▸ Description of the task
Each entry should be transcribed exactly as written, and any picture left out.

··· Given records

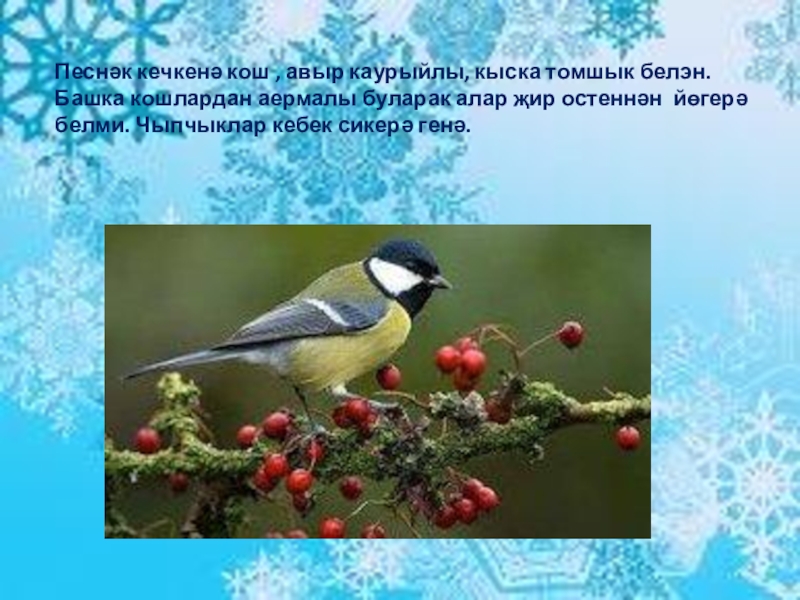 Слайд 22Песнәк кечкенә кош , авыр каурыйлы, кыска томшык белэн. Башка кошлардан
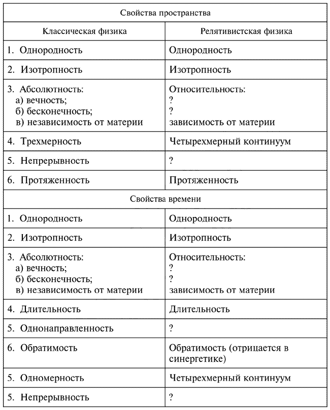 Пространство и время традиционно рассматривались в философии и науке как основные формы существования материи, ответственные за расположение отдельных элементов материи друг относительно друга и за закономерную координацию сменяющих друг друга явлений. Характеристиками пространства считались однородность — одинаковость свойств во всех точках и изотропность — независимость свойств от направления. Время также считалось однородным, т. е. любой процесс в принципе повторим через некоторый промежуток времени. С этими свойствами связана симметрия мира, которая имеет большое значение для его познания. Пространство рассматривалось как трехмерное (длина, ширина, высота), а время — как одномерное и идущее в одном направлении: от прошлого к будущему. Время необратимо, но во всех физических законах от перемены знака времени на противоположный ничего не меняется и, стало быть, физически будущее неотличимо от прошедшего.
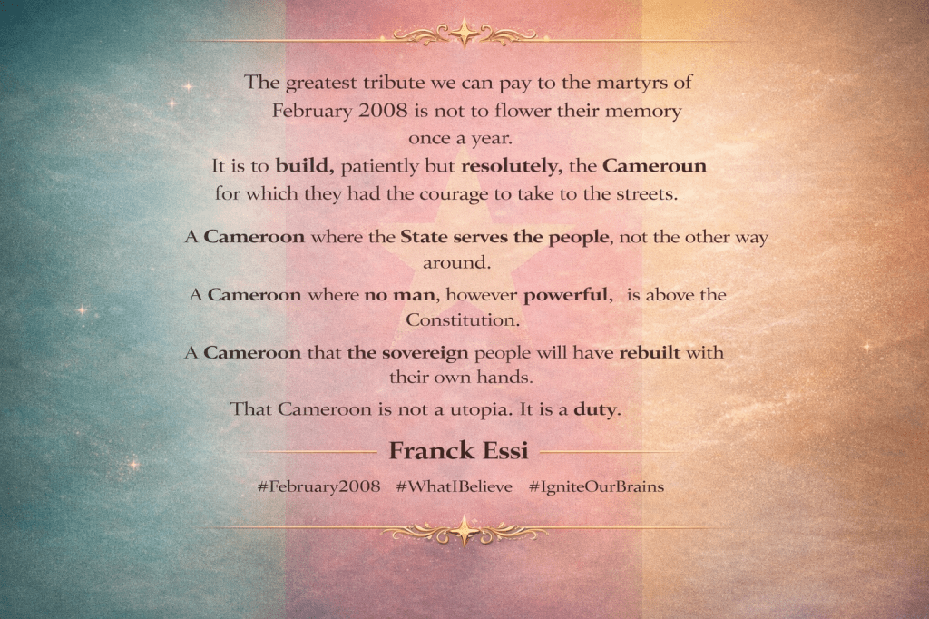 The best way to honour the martyrs of February 2008 is not to remember them once a year; it is to build, step by step, the Cameroon they had the courage to imagine.
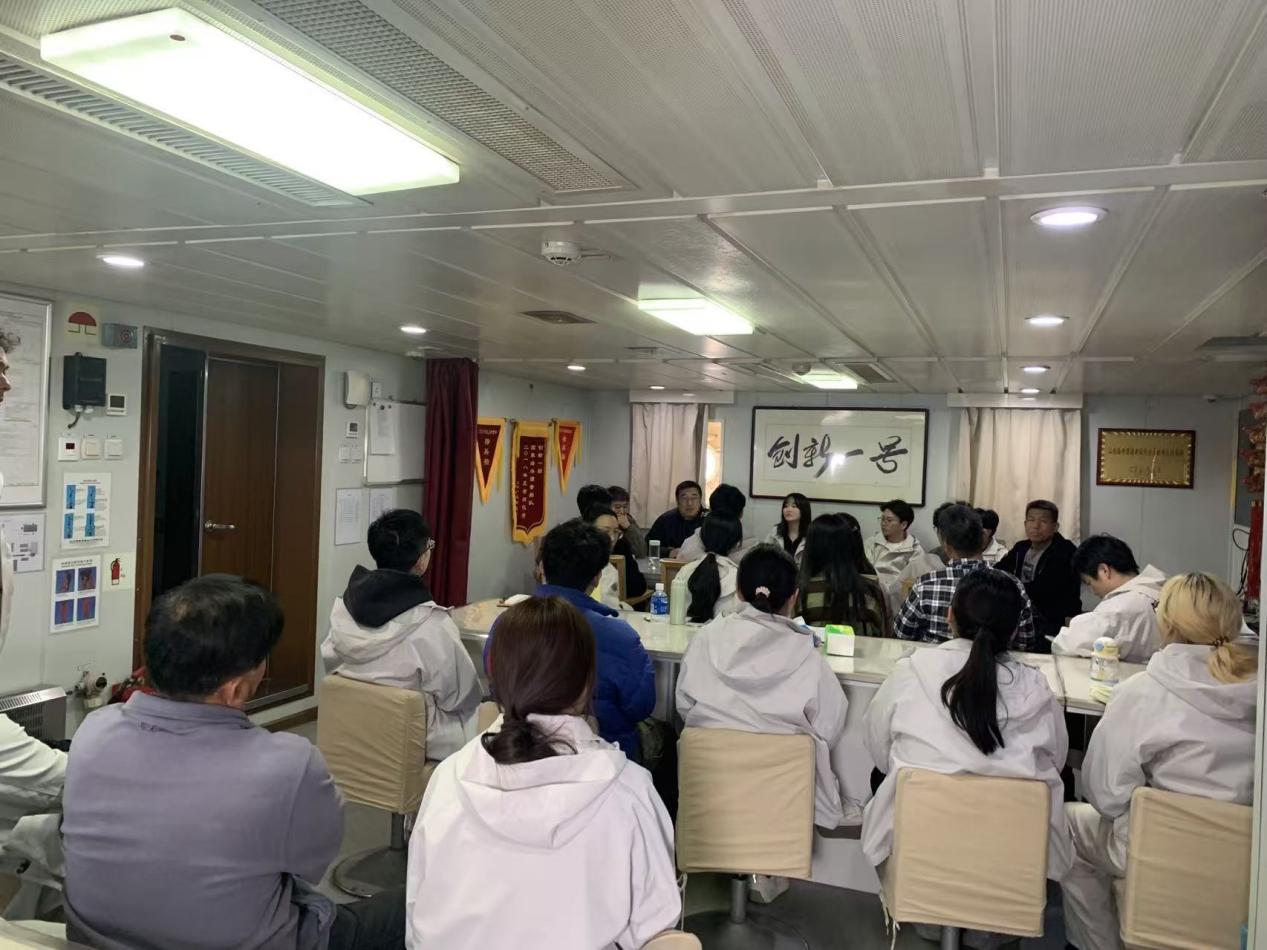 出航前,“创新一”号科考船船长王述强详细汇报了出航前各项工作准备情况,包括船舶设备检查、物资补给、安全保障等,确保航次任务顺利推进;黄河口航段负责人、首席科学家邹涛全面介绍了航次调查内容、搭载项目、搭载单位、搭载人员、站位设置情况及安全注意事项等,明确了各岗位职责与操作规范,为航次有序开展奠定基础。
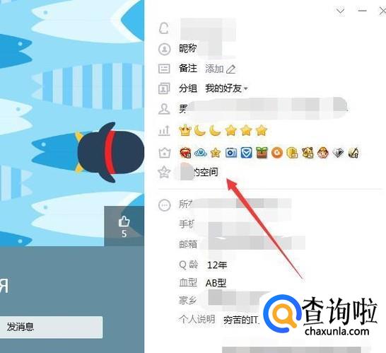 进入他的QQ空间。
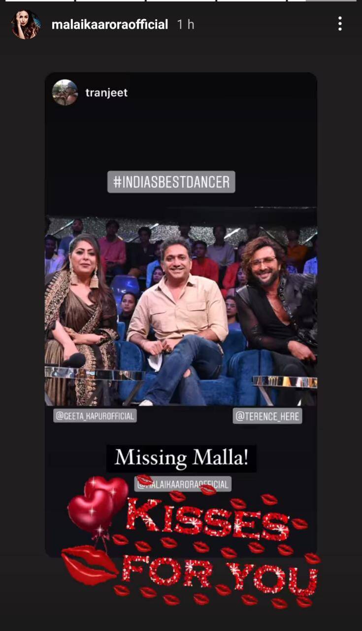 उन्होंने शो की शूटिंग के दौरान एक तस्वीर भी शेयर की, जिसमें वह गीता कपूर Geeta Kapoor और टेरेंस लुईस Terence Lewis के साथ नजर आ रहे हैं। वहीं तस्वीर मलाइका ने इस स्टोरी को अपने इंस्टाग्राम (Malaika Arora Instagram) पर शेयर करते हुए इमोजी के साथ- किस फॉर यू लिखा।
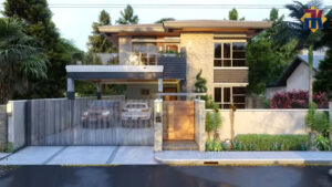 Mẫu Nhà 2 Tầng Diện Tích 10x25m Thiết Kế 3 Phòng Ngủ và 1 Garage oto
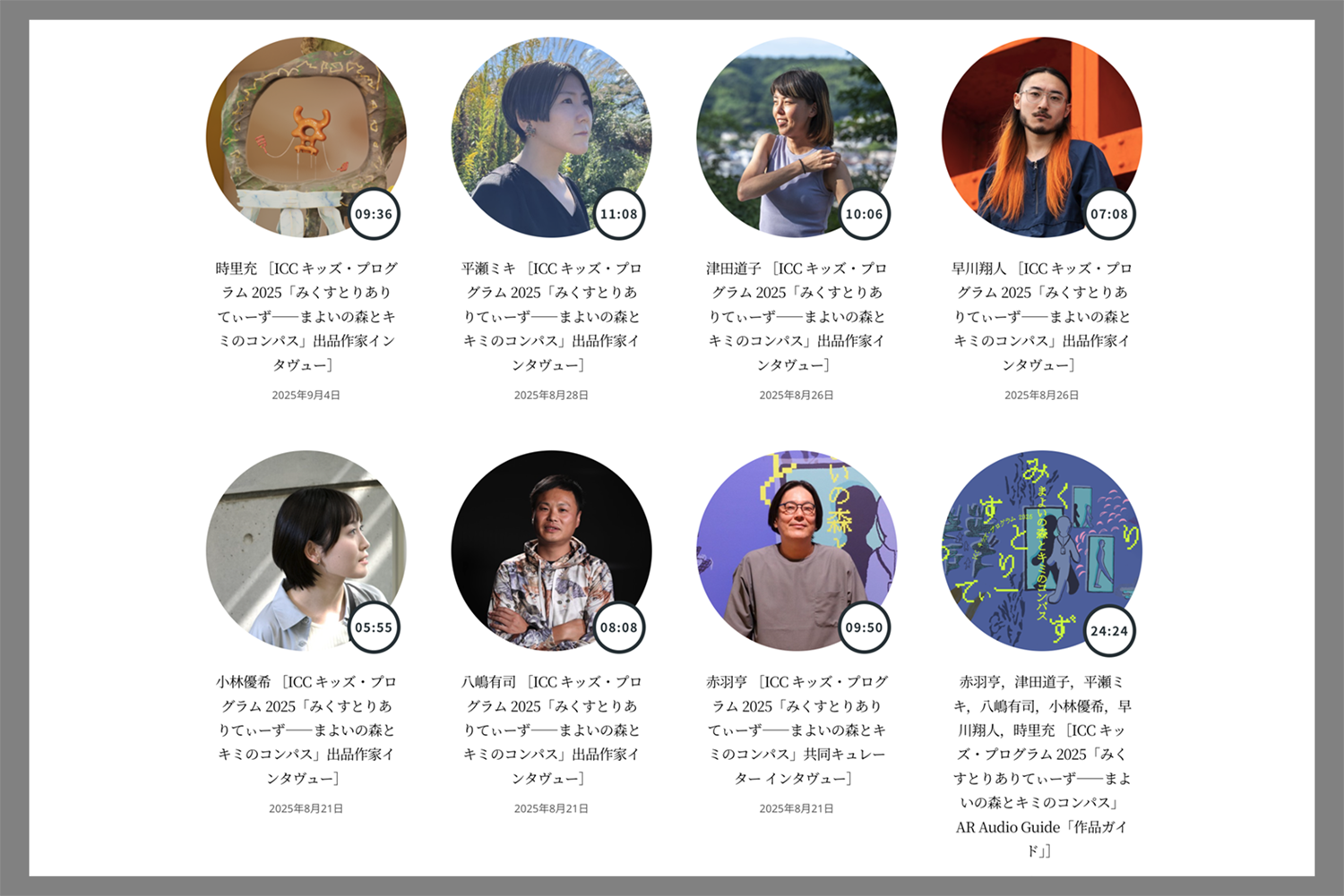 ICCのポッドキャストとYouTubeチャンネルでは,ICC キッズ・プログラム 2025参加作家による作品解説の音声コンテンツを配信しています.作品や,過去を含めた作家の活動などについて詳しくお話ししていただいています.展覧会は終了しましたが,音声は引き続き公開しています.ぜひお聞きください!

······

▸ Solution for this exercise
 Слайд 22Песнәк кечкенә кош , авыр каурыйлы, кыска томшык белэн. Башка кошлардан
 Пространство и время традиционно рассматривались в философии и науке как основные формы существования материи, ответственные за расположение отдельных элементов материи друг относительно друга и за закономерную координацию сменяющих друг друга явлений. Характеристиками пространства считались однородность — одинаковость свойств во всех точках и изотропность — независимость свойств от направления. Время также считалось однородным, т. е. любой процесс в принципе повторим через некоторый промежуток времени. С этими свойствами связана симметрия мира, которая имеет большое значение для его познания. Пространство рассматривалось как трехмерное (длина, ширина, высота), а время — как одномерное и идущее в одном направлении: от прошлого к будущему. Время необратимо, но во всех физических законах от перемены знака времени на противоположный ничего не меняется и, стало быть, физически будущее неотличимо от прошедшего.
 The best way to honour the martyrs of February 2008 is not to remember them once a year; it is to build, step by step, the Cameroon they had the courage to imagine.
 出航前,“创新一”号科考船船长王述强详细汇报了出航前各项工作准备情况,包括船舶设备检查、物资补给、安全保障等,确保航次任务顺利推进;黄河口航段负责人、首席科学家邹涛全面介绍了航次调查内容、搭载项目、搭载单位、搭载人员、站位设置情况及安全注意事项等,明确了各岗位职责与操作规范,为航次有序开展奠定基础。
 进入他的QQ空间。
 उन्होंने शो की शूटिंग के दौरान एक तस्वीर भी शेयर की, जिसमें वह गीता कपूर Geeta Kapoor और टेरेंस लुईस Terence Lewis के साथ नजर आ रहे हैं। वहीं तस्वीर मलाइका ने इस स्टोरी को अपने इंस्टाग्राम (Malaika Arora Instagram) पर शेयर करते हुए इमोजी के साथ- किस फॉर यू लिखा।
 Mẫu Nhà 2 Tầng Diện Tích 10x25m Thiết Kế 3 Phòng Ngủ và 1 Garage oto
 ICCのポッドキャストとYouTubeチャンネルでは,ICC キッズ・プログラム 2025参加作家による作品解説の音声コンテンツを配信しています.作品や,過去を含めた作家の活動などについて詳しくお話ししていただいています.展覧会は終了しましたが,音声は引き続き公開しています.ぜひお聞きください!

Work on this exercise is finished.